Любовная ловушка - Хизер Гротхаус
Шрифт:
Интервал:
Закладка:
Ивлин покачала головой, глядя в эти глубокие янтарные глаза. Низ живота горел от боли. И только когда спазм прекратился, она смогла заговорить:
– Я не верю тебе. – Ивлин почувствовала, как слезы покатились по ее щекам. – Ты с самого начала меня обманывал. Я тебе была не нужна. Ты только… хотел получить от меня то, что, как тебе казалось, я могла тебе дать.
– Я люблю тебя, Ив, – прохрипел Коналл сквозь сжатые зубы. – Я готов умереть за тебя. Я сделаю все, что ты попросишь. Я хочу прожить с тобой всю жизнь.
Ивлин не могла позволить словам Коналла тронуть ее сердце. Она не хотела, чтобы он опять разбил его. Вдруг Ивлин почувствовала влагу внизу живота. Боль стала тупой и пульсирующей.

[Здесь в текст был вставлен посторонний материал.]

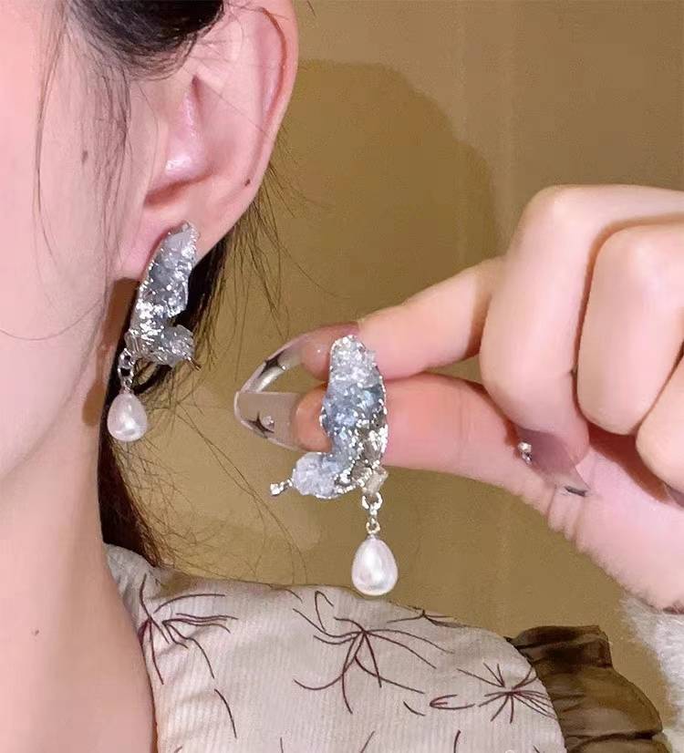 cc绘瑾6.18大促精致水晶蝴蝶翅膀珍珠耳钉女潮高级感耳环2023年春季新款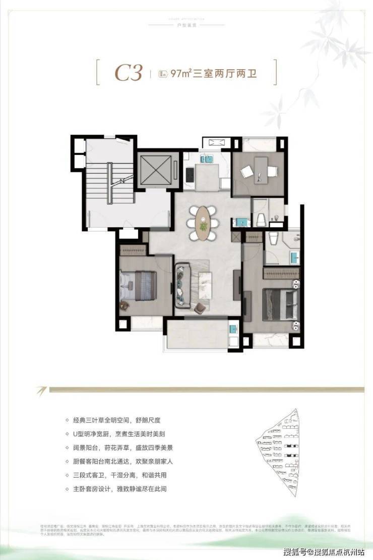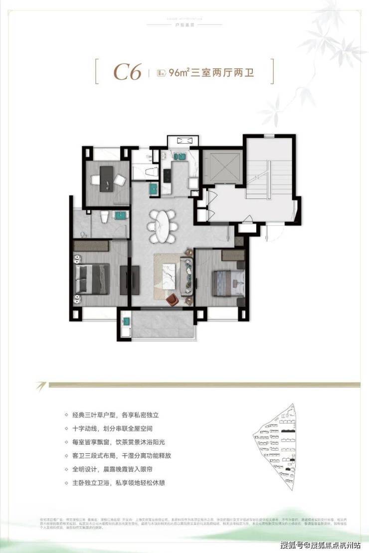 C6户型建面约96㎡3房2厅2卫: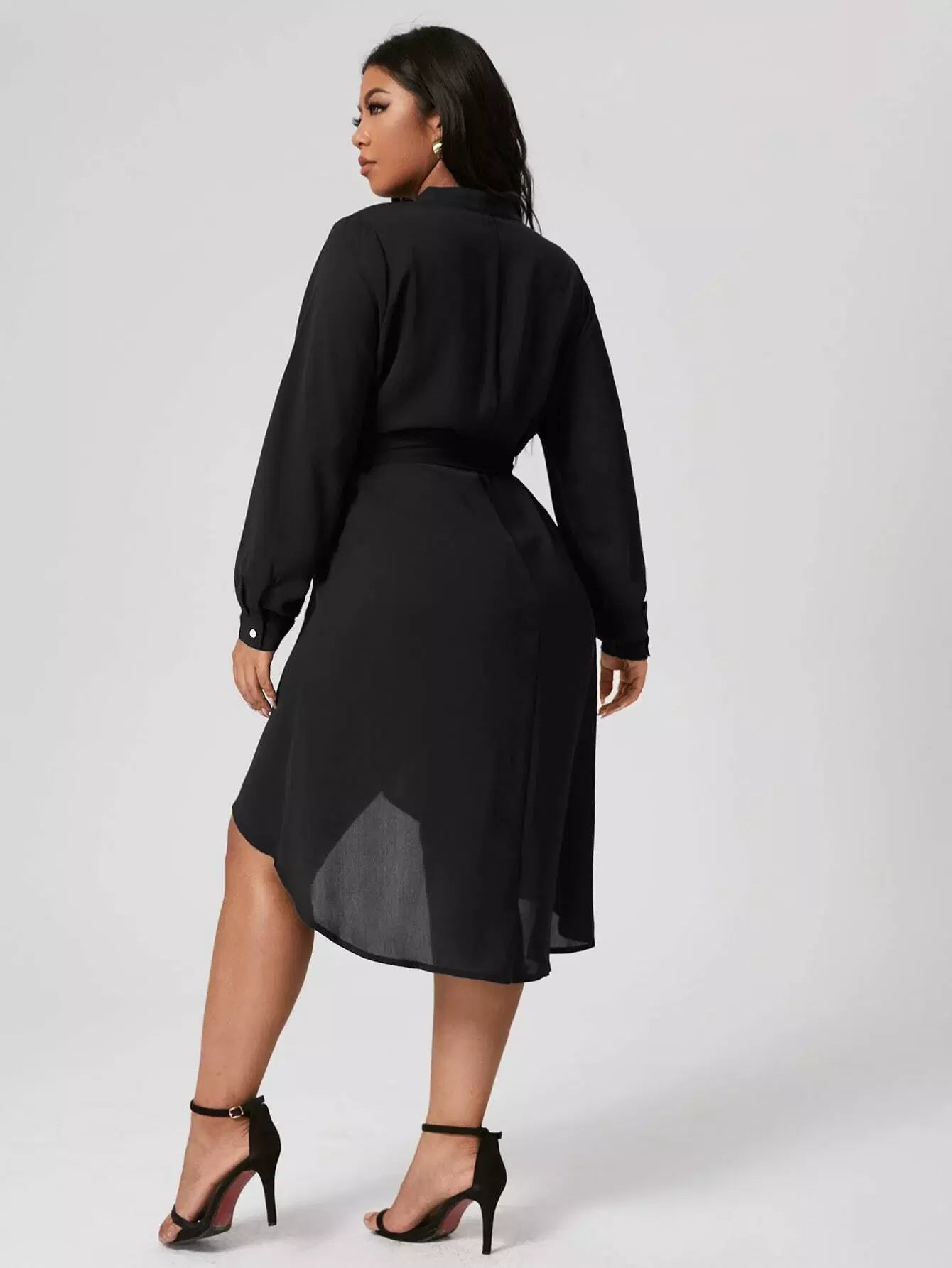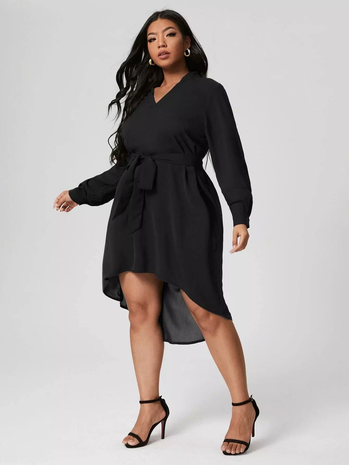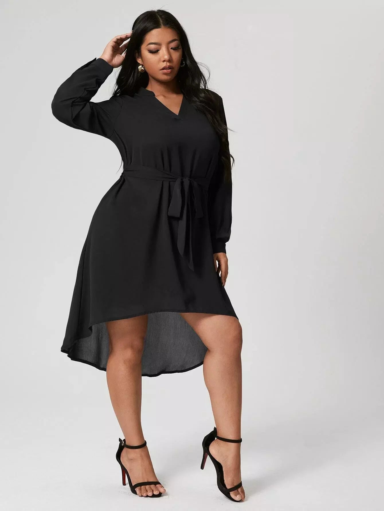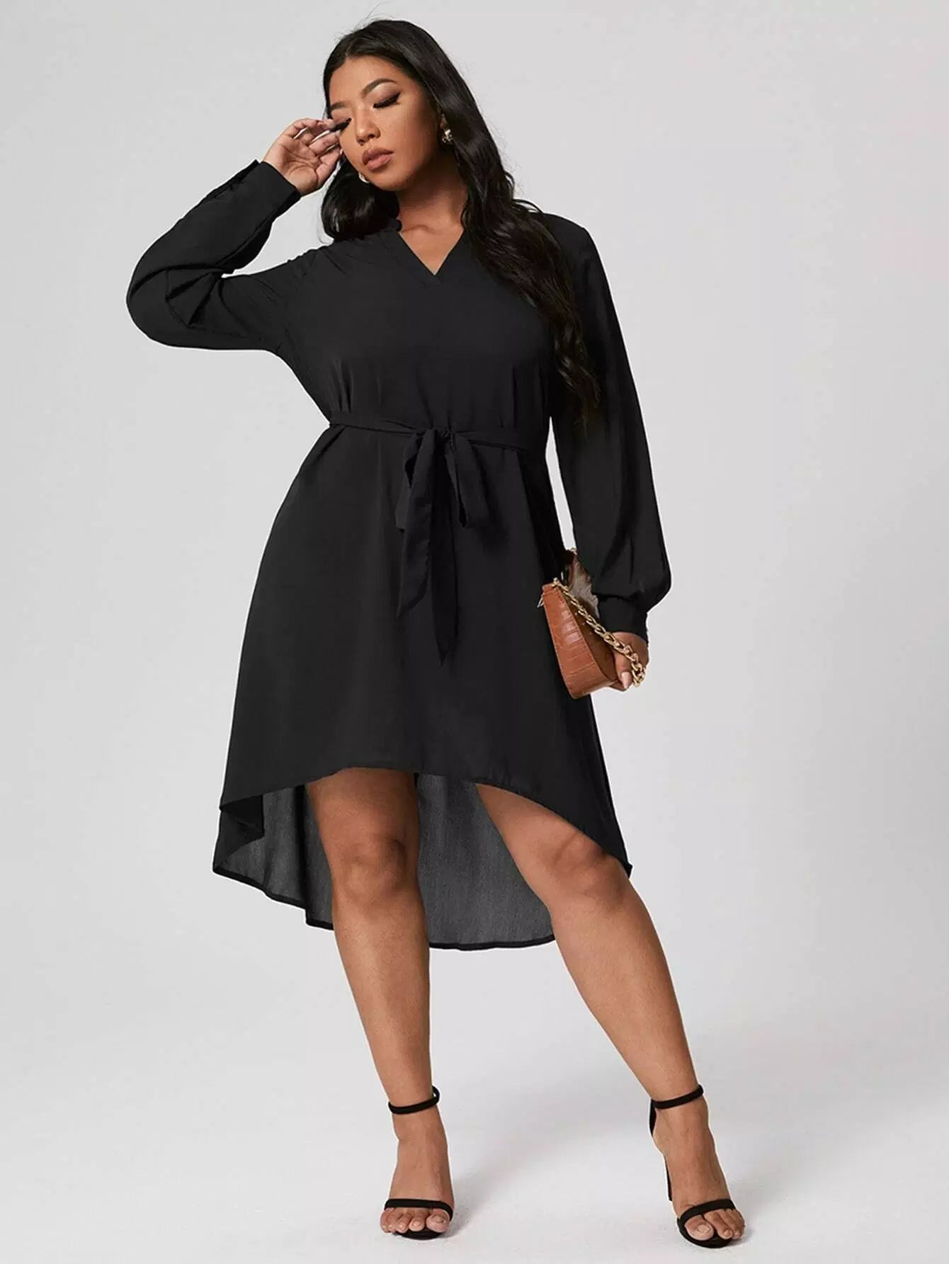 بالإضافة إلى فستان متين مرتفع ومنخفض بدون حزام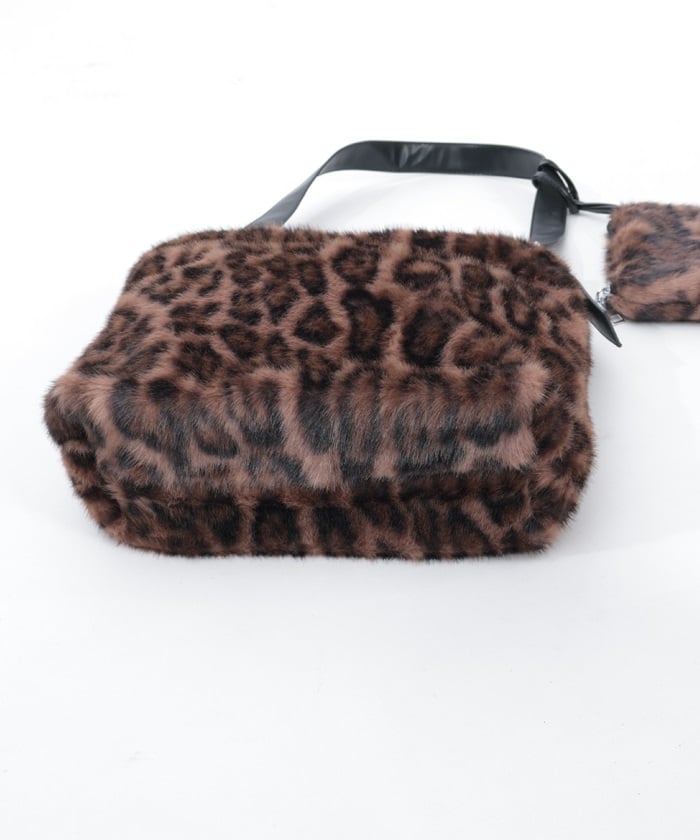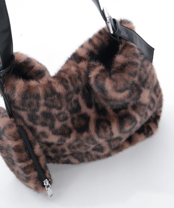 This leopard-print fur bag exudes a luxurious feel with its soft, fluffy texture. It's a striking everyday bag, yet lightweight and easy to carry. It comes with a convenient mini pouch, making it a great value for two-way use.

– Я не верю тебе, – повторила она. – Я не хочу больше жить с тобой. Я не люблю тебя. Оставь меня.
– Ив, пожалуйста, – хрипло проговорил Коналл. Его лицо исказилось, он наклонил голову так, что его щека чуть не коснулась колена Ивлин. – Дай мне возможность доказать тебе…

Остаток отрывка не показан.